The following are explicitly allowed.
- Office hours (TA or instructor) are a great resource if you are stuck on a problem or otherwise struggling.
- There are no restrictions on using resources from the course (course textbook, lectures, lecture notes, course website, etc.).
- You may work on homework/projects with your partner.
- You may use past exams from this course as study aids. They are publicly available from the course websites from prior quarters.
If you find yourself struggling in the course, seek help early. The longer you wait, the fewer options will be available.
Start homework/projects early, especially coding parts. If you start the night before, your chances of successful completion are slim. Although the coding is not intended to take a long time, the time required for debugging is unpredictable and varies wildly from student to student.
Grading
| 10% | discussion |
| 10% | homework |
| 30% | project |
| 20% | midterm |
| 30% | final |
I do not follow a strict grading scheme, nor do I follow a strict curve.
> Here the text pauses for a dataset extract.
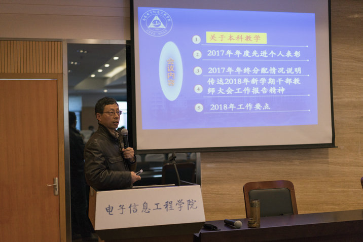 常务副院长周建江代表花椒直播 班子传达了学校新学期干部教师大会暨全面从严治党工作会议精神,带领大家学习了聂宏校长《改革创新 强化落实 全力推进学校各项事业健康快速发展》大会报告和杭育新全面从严治党的工作报告,全面回顾了学校2017年取得的成就,对2018年学校重点工作和全面从严治党要求进行了详细解读。在传达学校报告的同时,周院长还穿插总结了花椒直播 2017年成绩和不足,部署了花椒直播 2018年工作要点。2017年,在全院师生共同努力下,花椒直播 新增国家百千万人才工程1名,第三批国家“万人计划”教学名师1名,科技创新领军人才1名;新增1个国防特色学科,新增1个工信部重点实验室,获中国通信学会科学技术奖一等奖1项,国防科技进步三等奖1项,江苏省教学成果二等奖1项,“挑战杯”特等奖和二等奖各1项,全年科研经费到款总额突破4000万元,较去年增长43.86%。2018年,花椒直播 要围绕师资队伍和学科建设、创新人才培养、科研工作、党建工作等方面继续努力,尤其要大力做好本科教学工作,制定和完善花椒直播 关于教学工作的刚性规章制度,周院长号召全体老师要以高度的责任心认真做好这项“良心”工作,要求教师党员发挥模范作用,带头做好本科教学工作。周院长还汇报了2017年花椒直播 年终分配情况,宣读了2017年度先进个人表彰,通报了1项教学事件。

Instead, I do a hybrid between the two. (1) I do not curve individual
assignments or exams, though I do include extra credit on some items.
Curving only occurs at the end, if it occurs at all. (2) I never curve
down. 90% is at least an A-, 80% is at least a B-, 70% is at least a C-,
and 60% is at least a D. I will occasionally set lower cutoffs when the
score distribution warrants it. (3) Other cutoffs (between A vs A-, B+ vs B,
etc.) are based on the distribution of scores.